=== Section Start ===

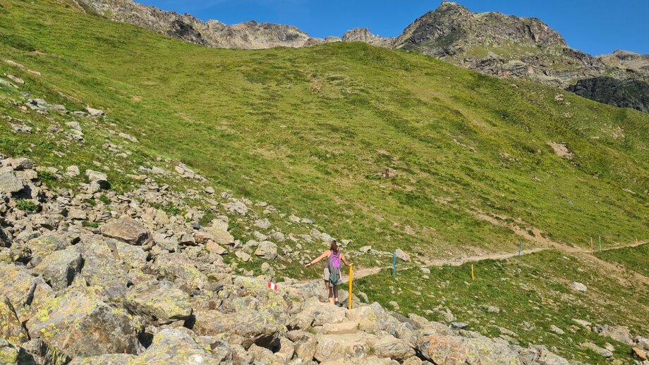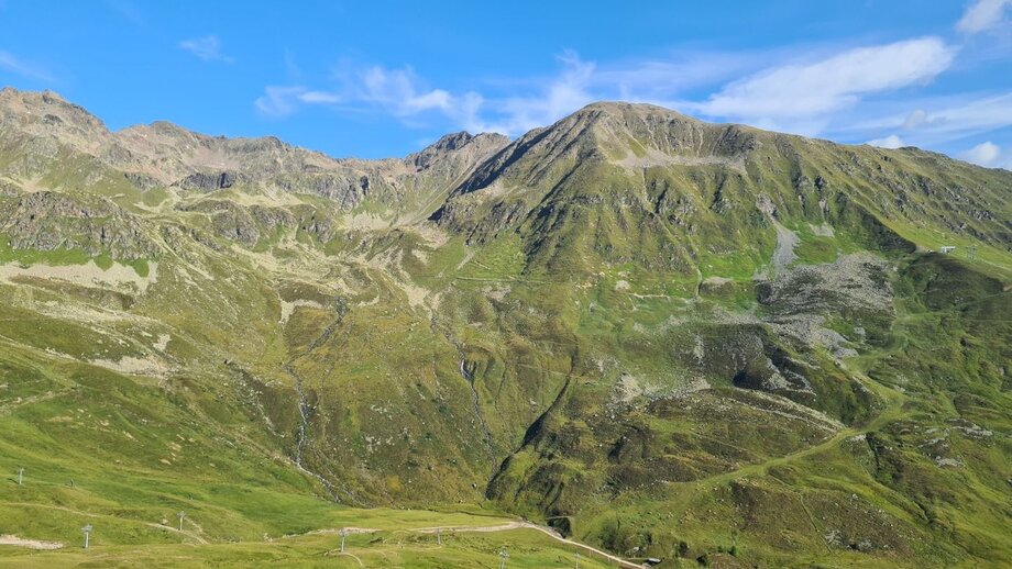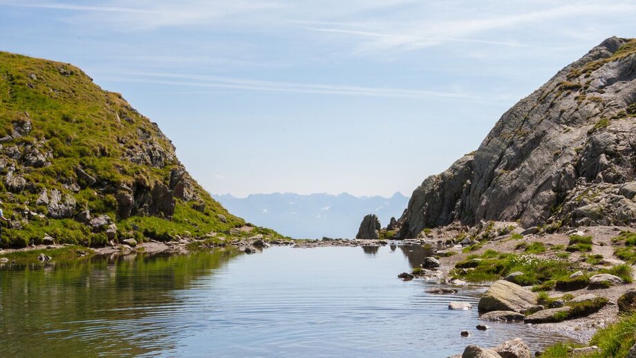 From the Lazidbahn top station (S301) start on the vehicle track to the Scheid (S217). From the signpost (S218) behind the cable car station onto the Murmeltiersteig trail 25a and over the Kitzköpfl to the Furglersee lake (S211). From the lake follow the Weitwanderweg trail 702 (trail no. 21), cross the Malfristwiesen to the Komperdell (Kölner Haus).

=== Section End ===
=== Section Start ===

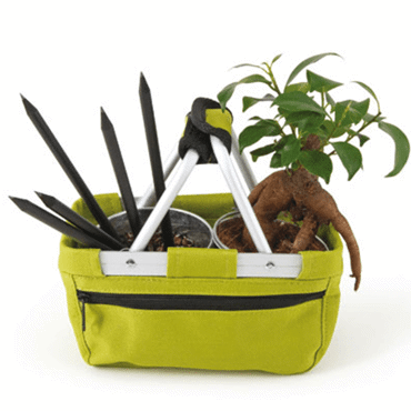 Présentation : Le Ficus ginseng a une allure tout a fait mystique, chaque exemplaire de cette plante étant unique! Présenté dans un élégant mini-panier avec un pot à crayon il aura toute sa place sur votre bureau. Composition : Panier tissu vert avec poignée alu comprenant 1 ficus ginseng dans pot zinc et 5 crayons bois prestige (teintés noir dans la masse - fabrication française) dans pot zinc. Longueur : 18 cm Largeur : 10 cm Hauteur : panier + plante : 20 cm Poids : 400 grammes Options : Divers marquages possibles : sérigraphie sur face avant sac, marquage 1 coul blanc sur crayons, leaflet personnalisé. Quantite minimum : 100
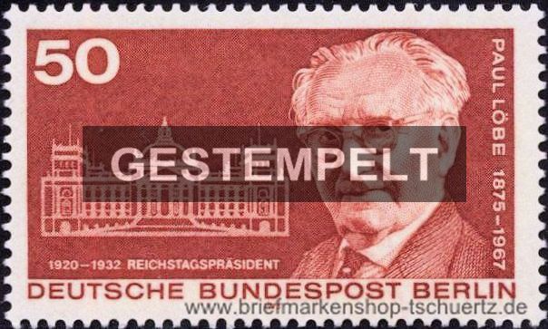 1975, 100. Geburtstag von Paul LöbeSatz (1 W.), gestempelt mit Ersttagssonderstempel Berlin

=== Section End ===
=== Section Start ===

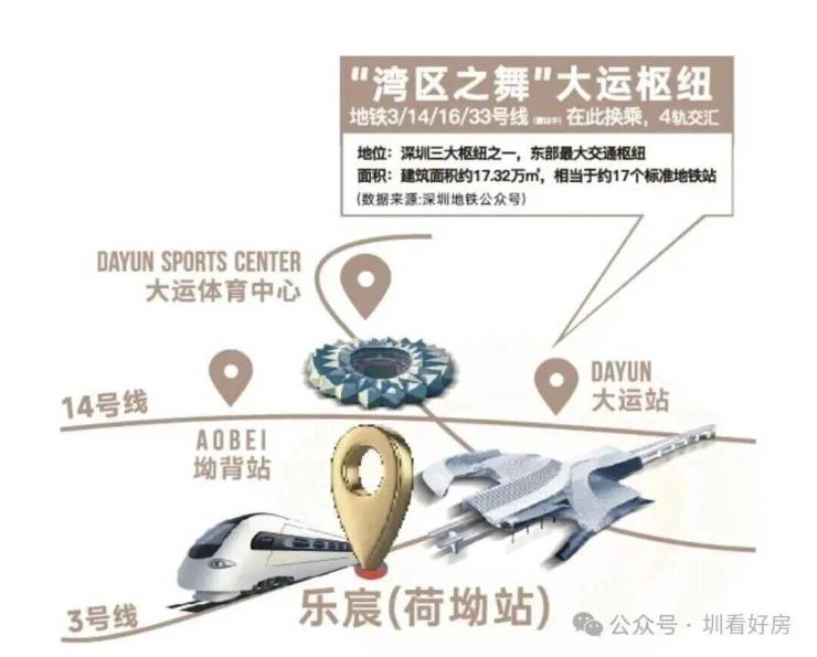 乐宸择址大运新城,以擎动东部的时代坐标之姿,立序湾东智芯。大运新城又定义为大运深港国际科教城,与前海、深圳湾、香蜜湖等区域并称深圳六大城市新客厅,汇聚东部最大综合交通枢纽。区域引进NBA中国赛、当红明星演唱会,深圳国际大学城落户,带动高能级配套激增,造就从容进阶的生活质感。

=== Section End ===

▸ **WHAT TO PRODUCE**
What lines above run from the one with "Présentation : Le" to the one with "1975, 100. Geburtstag"? Give them again exactly, ends included, and leave the pictures out.

▸ **EXPECTED ANSWER**
 Présentation : Le Ficus ginseng a une allure tout a fait mystique, chaque exemplaire de cette plante étant unique! Présenté dans un élégant mini-panier avec un pot à crayon il aura toute sa place sur votre bureau. Composition : Panier tissu vert avec poignée alu comprenant 1 ficus ginseng dans pot zinc et 5 crayons bois prestige (teintés noir dans la masse - fabrication française) dans pot zinc. Longueur : 18 cm Largeur : 10 cm Hauteur : panier + plante : 20 cm Poids : 400 grammes Options : Divers marquages possibles : sérigraphie sur face avant sac, marquage 1 coul blanc sur crayons, leaflet personnalisé. Quantite minimum : 100
 1975, 100. Geburtstag von Paul LöbeSatz (1 W.), gestempelt mit Ersttagssonderstempel Berlin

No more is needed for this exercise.